== Material to process ==
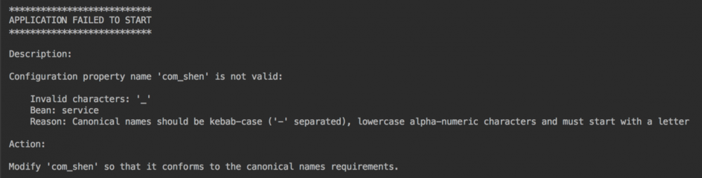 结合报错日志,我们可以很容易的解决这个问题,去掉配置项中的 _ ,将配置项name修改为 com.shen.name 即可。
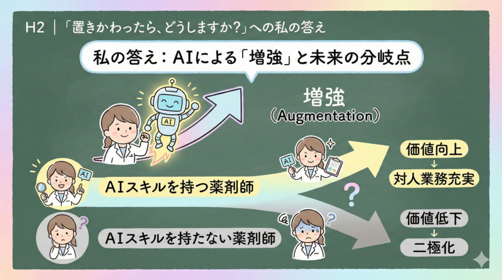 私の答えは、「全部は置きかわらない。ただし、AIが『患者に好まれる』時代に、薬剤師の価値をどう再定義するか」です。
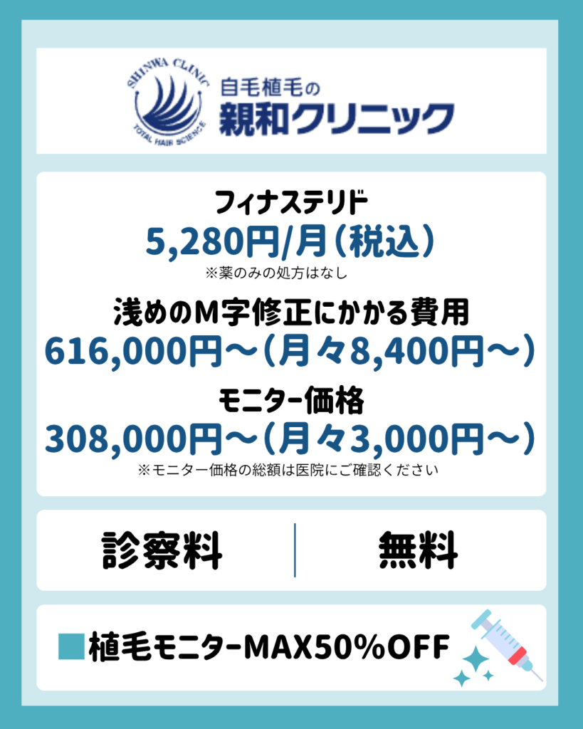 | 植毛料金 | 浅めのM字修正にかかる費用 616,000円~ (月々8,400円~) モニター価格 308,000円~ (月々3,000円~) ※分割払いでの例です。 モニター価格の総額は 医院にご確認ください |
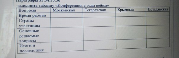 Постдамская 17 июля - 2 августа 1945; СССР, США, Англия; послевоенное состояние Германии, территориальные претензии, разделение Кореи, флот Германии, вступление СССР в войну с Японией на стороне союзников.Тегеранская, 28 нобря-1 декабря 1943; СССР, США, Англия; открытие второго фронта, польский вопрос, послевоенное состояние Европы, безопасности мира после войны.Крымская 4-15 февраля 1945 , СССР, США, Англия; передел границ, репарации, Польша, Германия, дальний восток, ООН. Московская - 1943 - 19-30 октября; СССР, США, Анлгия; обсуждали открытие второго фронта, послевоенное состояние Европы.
==
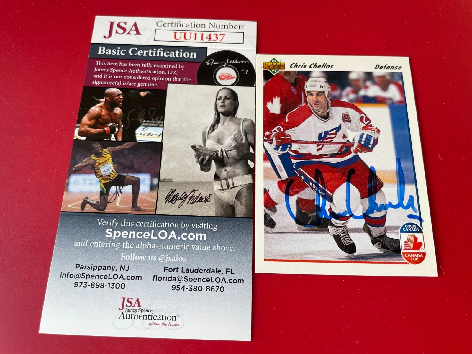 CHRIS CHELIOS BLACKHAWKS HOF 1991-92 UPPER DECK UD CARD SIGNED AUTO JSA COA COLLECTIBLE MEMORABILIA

== Aim of the exercise ==
Working from the records above, set down word for word everything from the line containing "私の答えは、「全部は置きかわ" down to the line containing "Постдамская 17 июля", ends included, minus the pictures.

== Response box ==
 私の答えは、「全部は置きかわらない。ただし、AIが『患者に好まれる』時代に、薬剤師の価値をどう再定義するか」です。
 | 植毛料金 | 浅めのM字修正にかかる費用 616,000円~ (月々8,400円~) モニター価格 308,000円~ (月々3,000円~) ※分割払いでの例です。 モニター価格の総額は 医院にご確認ください |
 Постдамская 17 июля - 2 августа 1945; СССР, США, Англия; послевоенное состояние Германии, территориальные претензии, разделение Кореи, флот Германии, вступление СССР в войну с Японией на стороне союзников.Тегеранская, 28 нобря-1 декабря 1943; СССР, США, Англия; открытие второго фронта, польский вопрос, послевоенное состояние Европы, безопасности мира после войны.Крымская 4-15 февраля 1945 , СССР, США, Англия; передел границ, репарации, Польша, Германия, дальний восток, ООН. Московская - 1943 - 19-30 октября; СССР, США, Анлгия; обсуждали открытие второго фронта, послевоенное состояние Европы.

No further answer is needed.